Eli Lilly disclosed on Monday that it has started a Phase Three clinical trial for Olumiant (baricitinib) as a possible COVID-19 drug. Olumiant has already been granted clearance for the treatment of moderate to severe rheumatoid arthritis and Eli Lilly believes it could help prevent cytokine storms in patients with severe coronavirus infections.

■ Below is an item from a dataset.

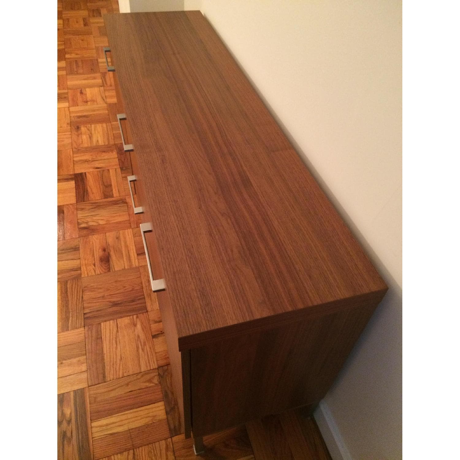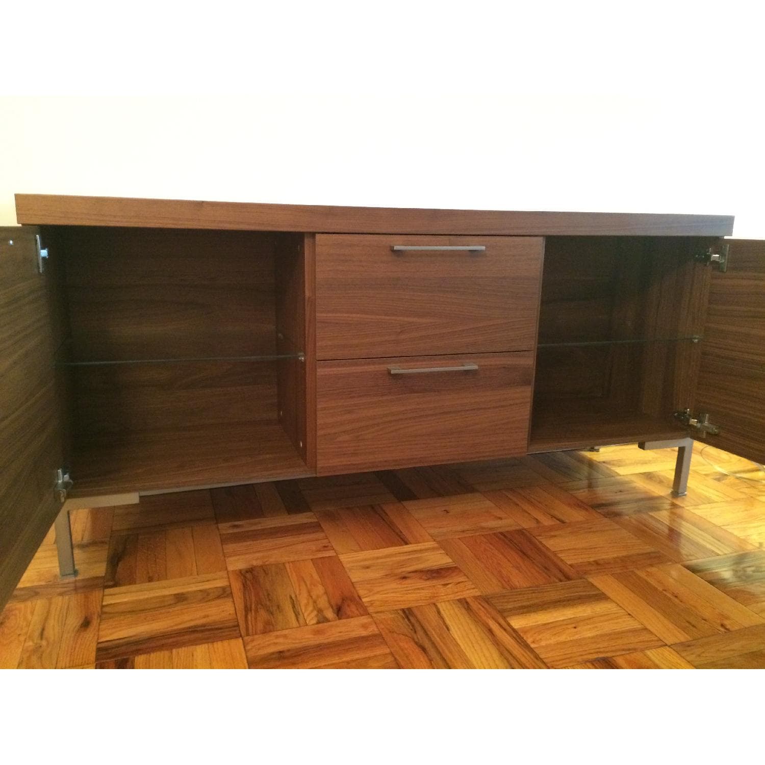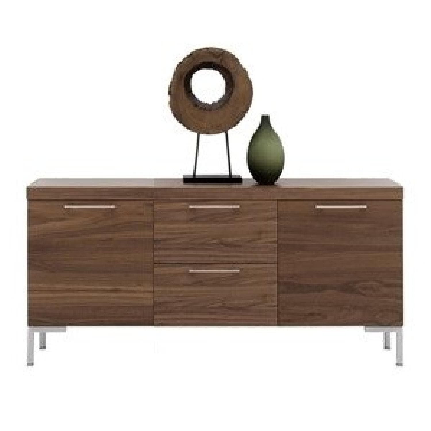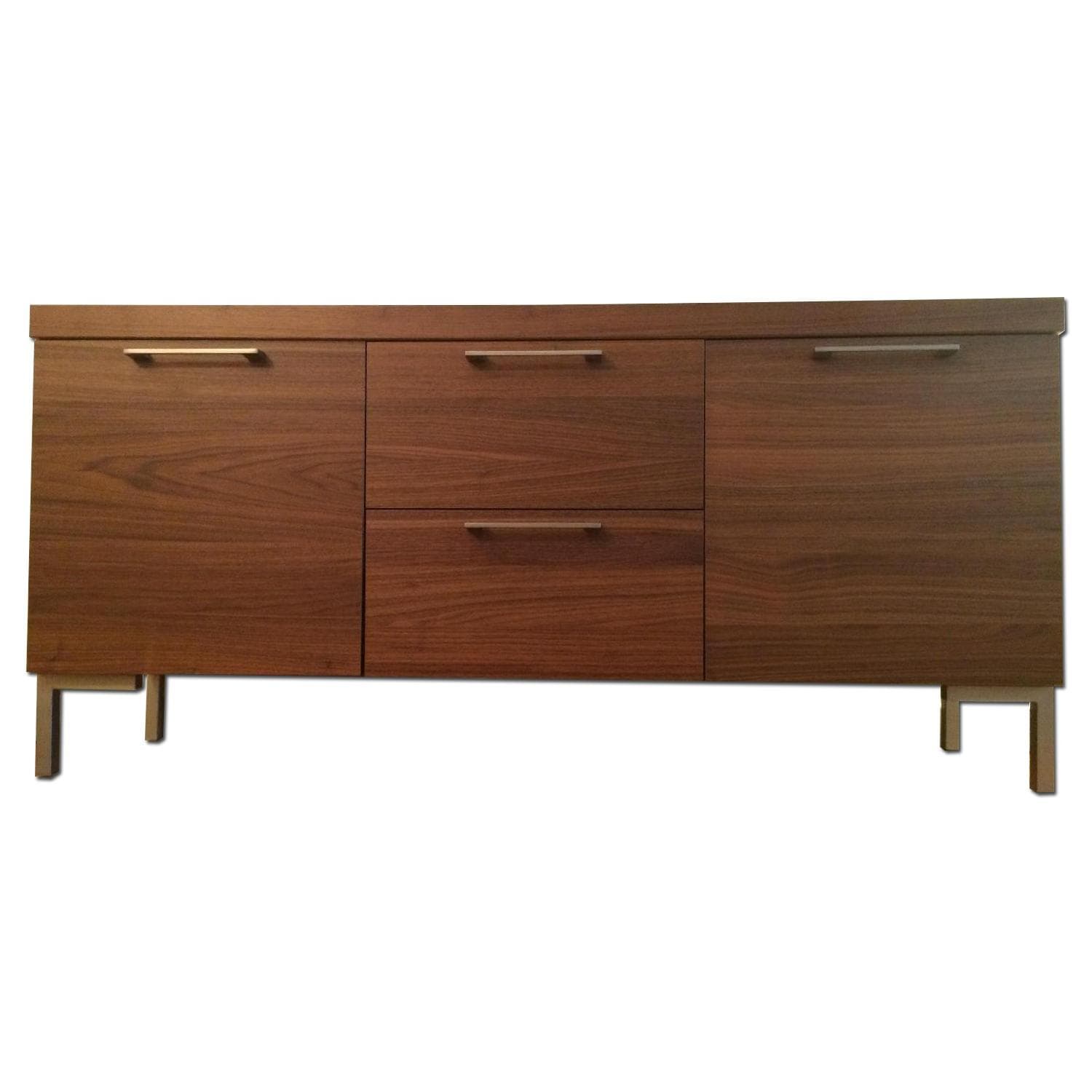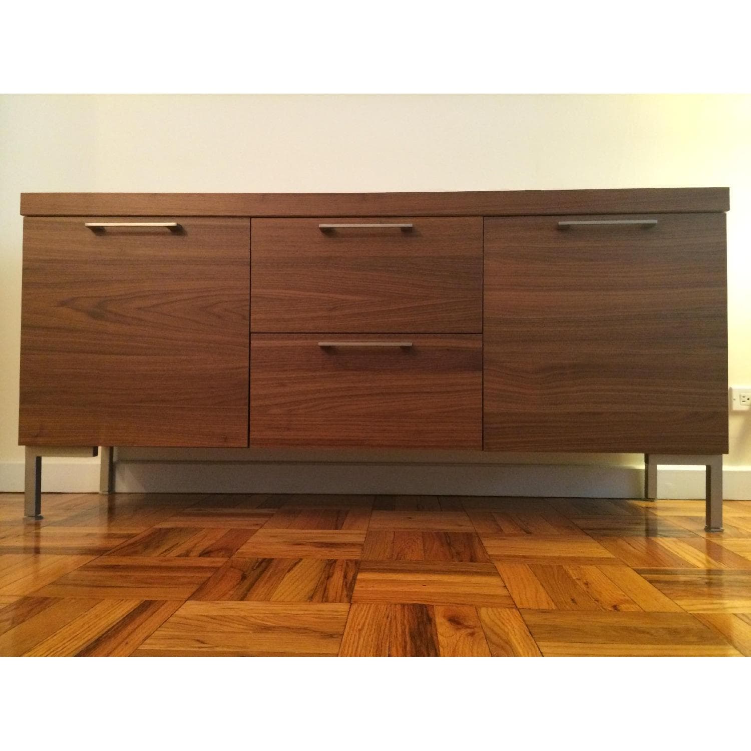 This is a BoConcept Bari Sideboard mainly made of particle board in walnut veneer/brushed steel. It is in perfect condition (clean, no stains, no damages) and it has a lot of storage space. The actual dimension is H28¾xW60¾xD16½". I'm moving abroad and need to sell my furniture by May.

The company also believes that Olumiant could block host cells from producing copies of the disease-causing SARS-CoV-2 virus. The trial is one of several efforts by the US biotech group to help contain the coronavirus pandemic which, according to a Reuters report, has killed over 400,000 people worldwide.

The drug is being tested to see if deaths from COVID-19 disease can be reduced and its severity lowered. Lilly scientists agree that baricitinib may help suppress the potentially deadly immune response and diminish the ability of COVID-19 to replicate in infected cells.

Eli Lilly, based in Indianapolis, said the latest study will complement ongoing research of the rheumatoid arthritis drug in partnership with the National Institute of Allergy and Infectious Diseases.

Lilly stated it intends to enroll about 400 patients in the double-blind, placebo-controlled study that will include patients hospitalized with SARS-CoV-2 infection who have at least one elevated inflammation marker but do not require invasive mechanical ventilation at the entry to the study.

The study is expected to increase similar efforts to examine the use of baricitinib in conjunction with Gilead Sciences.   Recently Gilead's antiviral drug won U.S. use of emergency authorization.

Gilead's antiviral vaccine recently won emergency authorization use from the U.S. Food and Drug Administration after a study discovered it cut COVID-19 patients' hospital stays by four days or about a third.

Lilly Bio-Medicines president Patrik Jonsson told Fierce Pharma that Olumiant could represent a very important first step in minimizing mortality rates for patients suffering COVID-19. 

"It is not going to be the final step," Jonsson disclosed. Instead, antibody vaccines would represent that "final step" toward quelling COVID-19, he said. For the Phase Three study, Lilly is planning to enroll patients in the US, Europe, and Latin America and expects opening sites where "we see a spike or significant increase" in COVID-19 infections, Angus Liu of Fierce Pharma, reported.

Eli Lilly has launched two additional clinical trials for future therapies with COVID-19. It announced last week it was initiating a Phase 1 trial for JS016, an investigational antibody therapy.

Eli Lilly is working with Junshi Biosciences which will jointly perform a Phase 1 trial in China for JS016. In healthy participants who have not been diagnosed with COVID-19, this trial will test the safety, tolerability, immunogenicity, and pharmacokinetics.